Information supplied >>
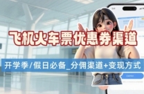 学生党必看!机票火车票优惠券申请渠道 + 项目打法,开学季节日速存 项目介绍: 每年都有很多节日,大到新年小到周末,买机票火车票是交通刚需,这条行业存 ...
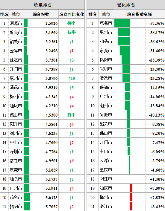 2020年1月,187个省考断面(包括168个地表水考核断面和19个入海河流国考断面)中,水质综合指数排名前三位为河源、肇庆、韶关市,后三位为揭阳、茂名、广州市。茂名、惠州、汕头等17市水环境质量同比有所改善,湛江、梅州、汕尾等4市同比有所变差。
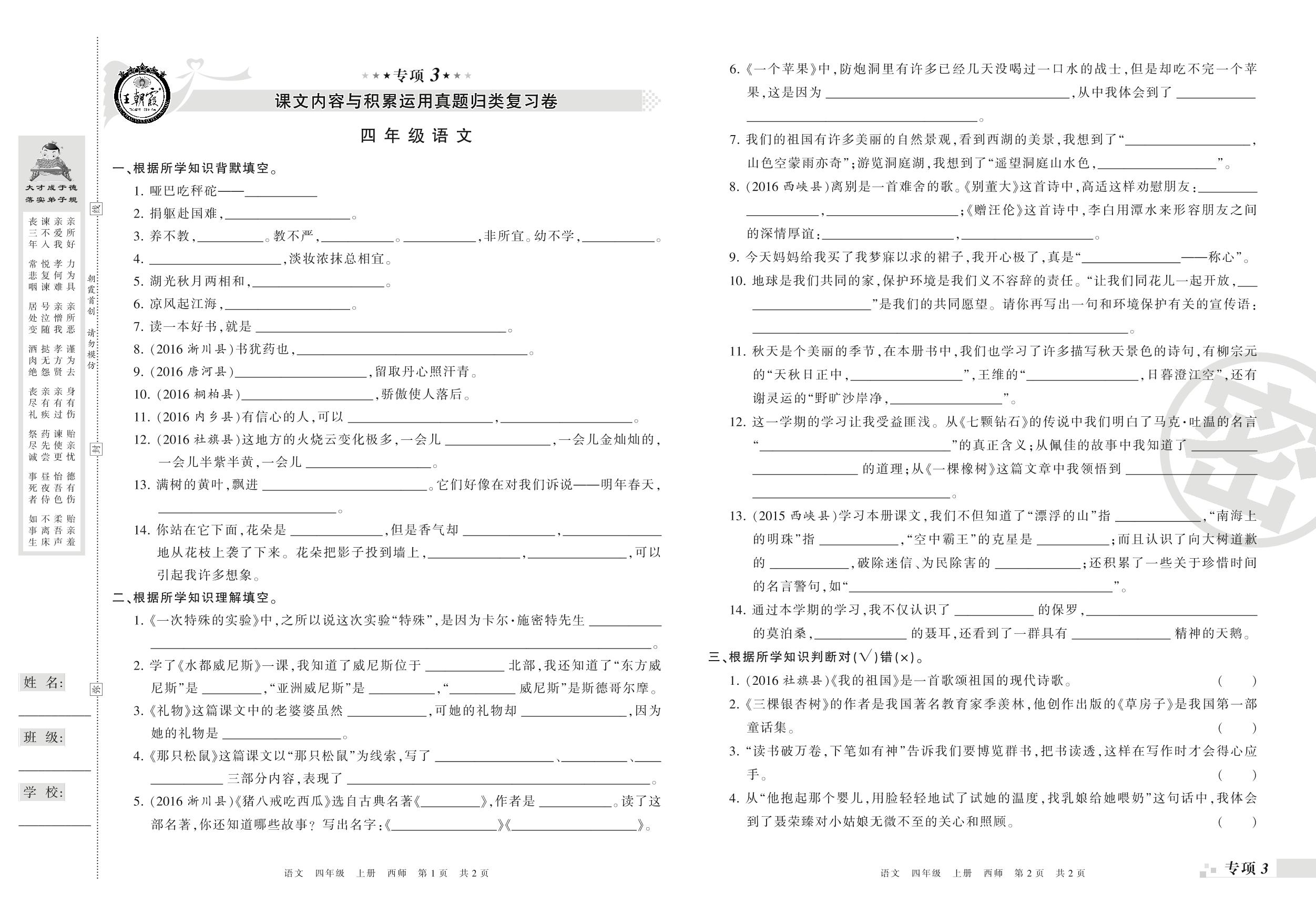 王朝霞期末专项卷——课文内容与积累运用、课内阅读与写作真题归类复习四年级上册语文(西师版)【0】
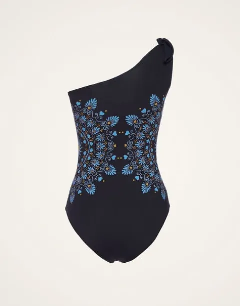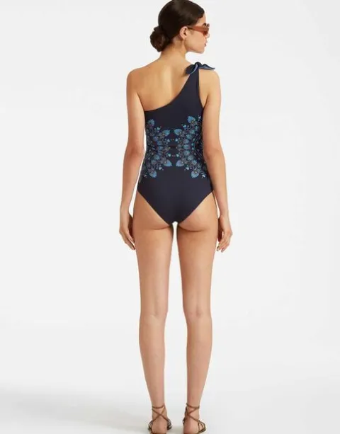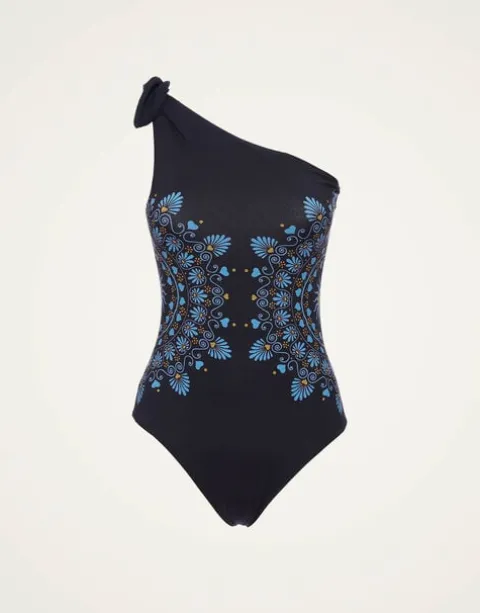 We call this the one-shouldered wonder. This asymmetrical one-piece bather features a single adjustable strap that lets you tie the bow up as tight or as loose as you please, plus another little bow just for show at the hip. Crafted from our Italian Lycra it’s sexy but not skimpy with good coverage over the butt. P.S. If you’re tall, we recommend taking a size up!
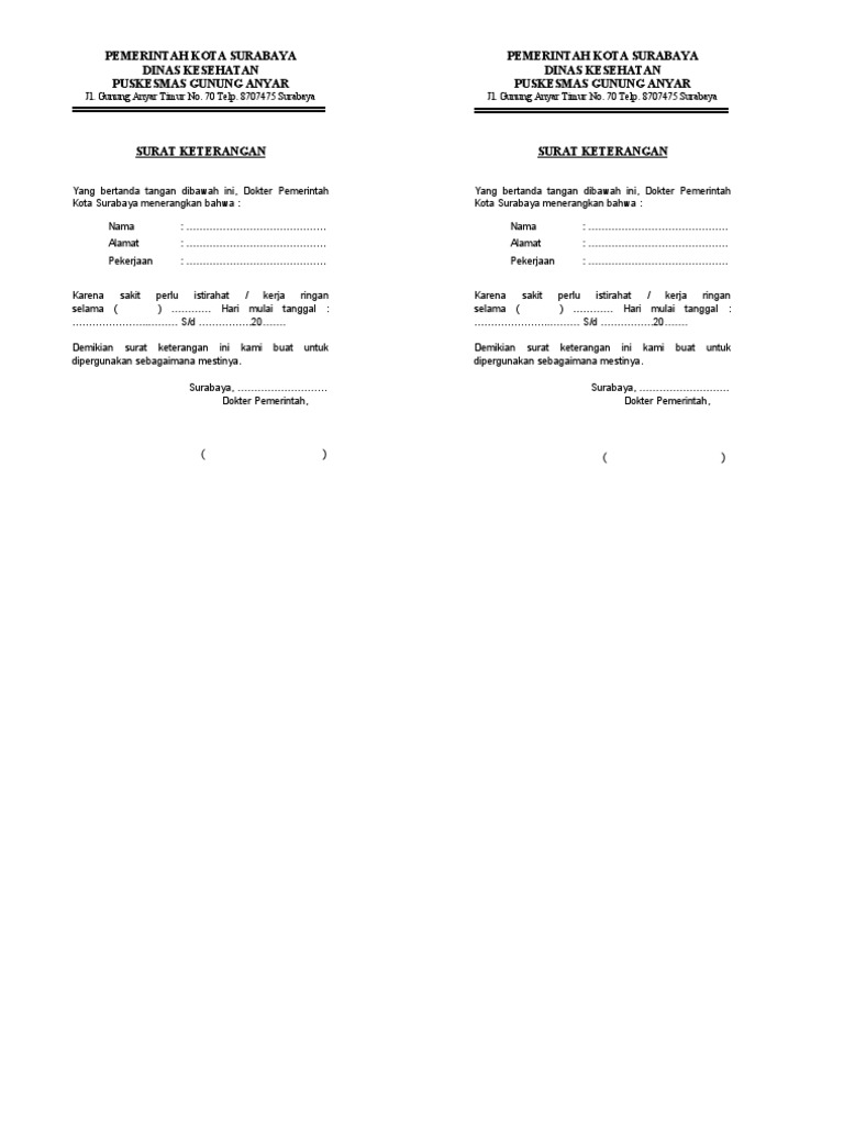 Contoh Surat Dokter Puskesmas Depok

* * *

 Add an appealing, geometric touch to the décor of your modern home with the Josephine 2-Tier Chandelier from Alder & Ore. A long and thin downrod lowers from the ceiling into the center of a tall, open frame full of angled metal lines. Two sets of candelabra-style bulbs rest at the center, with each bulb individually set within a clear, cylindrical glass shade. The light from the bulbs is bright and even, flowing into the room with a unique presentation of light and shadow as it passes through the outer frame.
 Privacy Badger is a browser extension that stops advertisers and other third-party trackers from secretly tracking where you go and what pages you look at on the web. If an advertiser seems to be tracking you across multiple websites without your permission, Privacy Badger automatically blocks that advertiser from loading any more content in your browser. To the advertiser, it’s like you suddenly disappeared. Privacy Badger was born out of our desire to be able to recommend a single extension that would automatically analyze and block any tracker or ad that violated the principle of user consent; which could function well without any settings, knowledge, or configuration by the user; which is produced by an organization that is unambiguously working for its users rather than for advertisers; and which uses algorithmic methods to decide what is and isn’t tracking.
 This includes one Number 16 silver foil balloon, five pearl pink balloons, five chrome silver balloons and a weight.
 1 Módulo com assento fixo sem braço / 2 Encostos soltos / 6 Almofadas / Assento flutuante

Exercise instructions >> Only the lines starting at the one that includes "王朝霞期末专项卷——课文内容" and ending at the one that includes "Contoh Surat Dokter Puskesmas Depok" should be retyped, exactly, from the records above; no pictures.

Answer below >>
 王朝霞期末专项卷——课文内容与积累运用、课内阅读与写作真题归类复习四年级上册语文(西师版)【0】
 We call this the one-shouldered wonder. This asymmetrical one-piece bather features a single adjustable strap that lets you tie the bow up as tight or as loose as you please, plus another little bow just for show at the hip. Crafted from our Italian Lycra it’s sexy but not skimpy with good coverage over the butt. P.S. If you’re tall, we recommend taking a size up!
 Contoh Surat Dokter Puskesmas Depok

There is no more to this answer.